Given records –
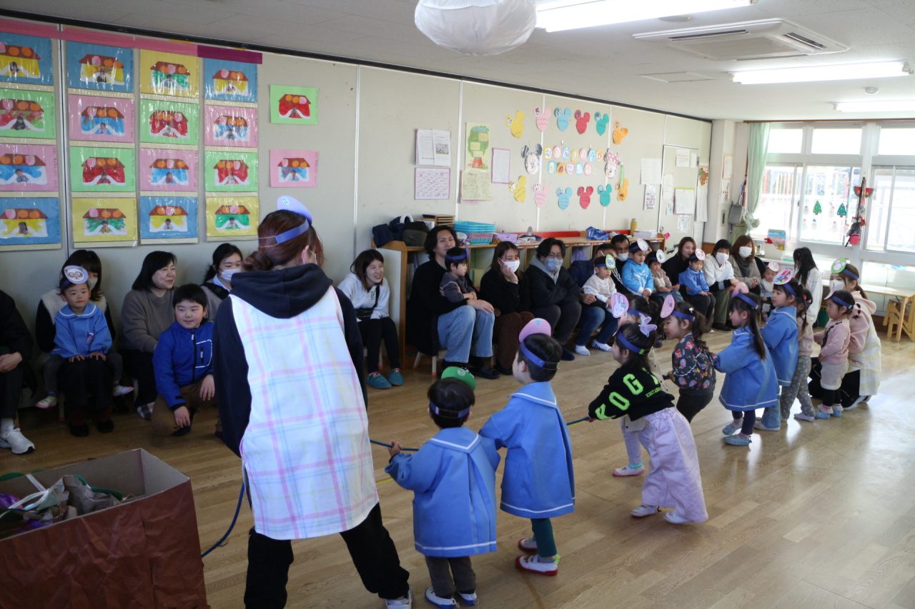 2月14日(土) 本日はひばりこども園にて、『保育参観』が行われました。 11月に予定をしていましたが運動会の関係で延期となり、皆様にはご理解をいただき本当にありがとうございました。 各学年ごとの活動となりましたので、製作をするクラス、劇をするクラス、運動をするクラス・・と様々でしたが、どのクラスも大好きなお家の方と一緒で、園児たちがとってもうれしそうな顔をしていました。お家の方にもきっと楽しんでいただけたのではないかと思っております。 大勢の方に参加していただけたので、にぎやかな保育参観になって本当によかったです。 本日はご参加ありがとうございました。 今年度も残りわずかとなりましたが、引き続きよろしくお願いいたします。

* * *

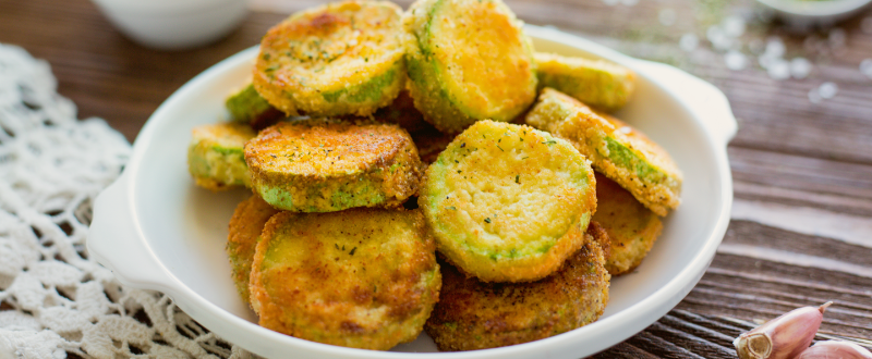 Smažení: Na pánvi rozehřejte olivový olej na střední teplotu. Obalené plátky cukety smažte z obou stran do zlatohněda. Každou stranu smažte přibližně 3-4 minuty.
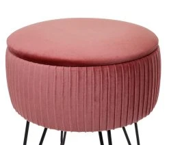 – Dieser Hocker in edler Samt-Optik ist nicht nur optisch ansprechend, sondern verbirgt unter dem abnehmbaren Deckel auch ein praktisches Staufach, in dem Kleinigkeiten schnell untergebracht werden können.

Task goal – Transcribe only the lines above that start at the line containing "Smažení: Na pánvi" and end at the line containing "untergebracht werden können.". Omit pictures.

Task solution –
 Smažení: Na pánvi rozehřejte olivový olej na střední teplotu. Obalené plátky cukety smažte z obou stran do zlatohněda. Každou stranu smažte přibližně 3-4 minuty.
 – Dieser Hocker in edler Samt-Optik ist nicht nur optisch ansprechend, sondern verbirgt unter dem abnehmbaren Deckel auch ein praktisches Staufach, in dem Kleinigkeiten schnell untergebracht werden können.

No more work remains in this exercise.